Bad Grammar and Misspellings
As often as candidates are reminded to do it, lack of proofreading plagues many resumes -- and it's usually a deal breaker for hiring managers who spot it, Florida State University recruiter Brent Miller explains, in an April 2012 column for "The Chronicle of Higher Education." The more misspellings and sentence fragments that a recruiter catches, the more likely it is that he will conclude that the job seeker doesn't pay attention to detail and isn't worth taking seriously.

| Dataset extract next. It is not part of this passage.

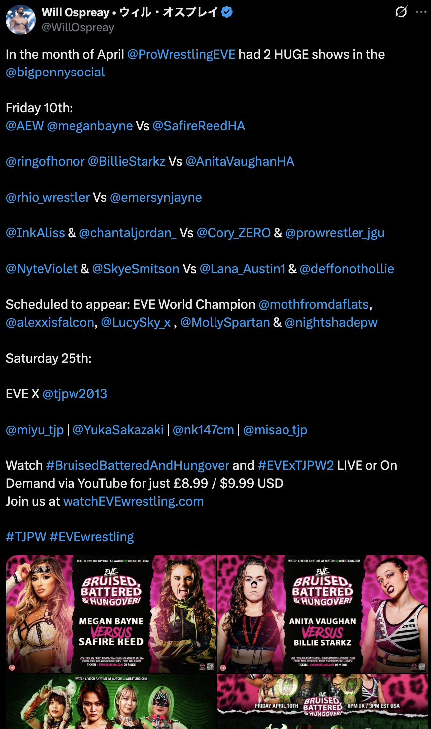 4.25 EVE x TJPW 2 @ Big Penny Social, London (LIVE on Youtube)[19:30 BST]

Failure to Customize Resume
Sometimes a candidate has the right skills, but a hiring manager can't tell from the application. Every item on your resume must reflect the position that you hope to land, marketing strategist Ben Weiss asserts, in a July 2013 "U.S. News & World Report column." For example, if you can't correlate your work history with specific terms from the job description, it looks like you're applying for whatever position comes along -- and a recruiter won't bother contacting you.

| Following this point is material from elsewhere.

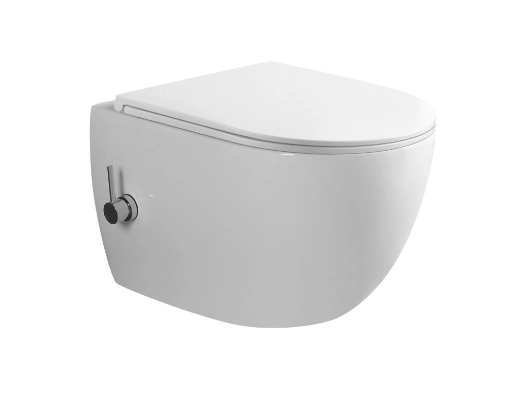 WC s bidetem 2v1 INTEGRA Rimless: Závěsné WC, integrovaná baterie a sedátko

False or Misleading Information
Honesty is a core value that human resources managers expect in applicants. Any hints of deception -- whether it's omitting potentially unflattering material, or trying to pad your work history -- will prompt a hiring manager to toss your resume, Miller notes. Even if you make it past the initial screening, a background check may still uncover the extent of your deceptions. Either way, enough doubts will be raised to derail your chances of getting hired.
Lack of Minimum Credentials
In any job search, a human resource manager's top priority is helping companies decide which candidates offer the closest fit. If your resume doesn't match the job description's minimum credentials, don't expect to get an interview, says Christina Lord, a technical recruiter interviewed for a January 2013 "Forbes" magazine article by recruiting consultant Angela Smith. No amount of inflated verbiage will convince a recruiter to bring in a candidate who lacks the company's desired credentials. In that situation, he'll simply move on to someone else.
Lack of Specifics
As resources dry up in a tight economy, companies tend to favor candidates who can make immediate contributions. Your resume must demonstrate your potential impact with examples to make your case, Weiss advises. For example, a sales applicant should omit vague adjectives, like "hard-working," and focus on specific goals that he's achieved. If a recruiter can't tell how much value your hiring might add to the company, you won't get a call back.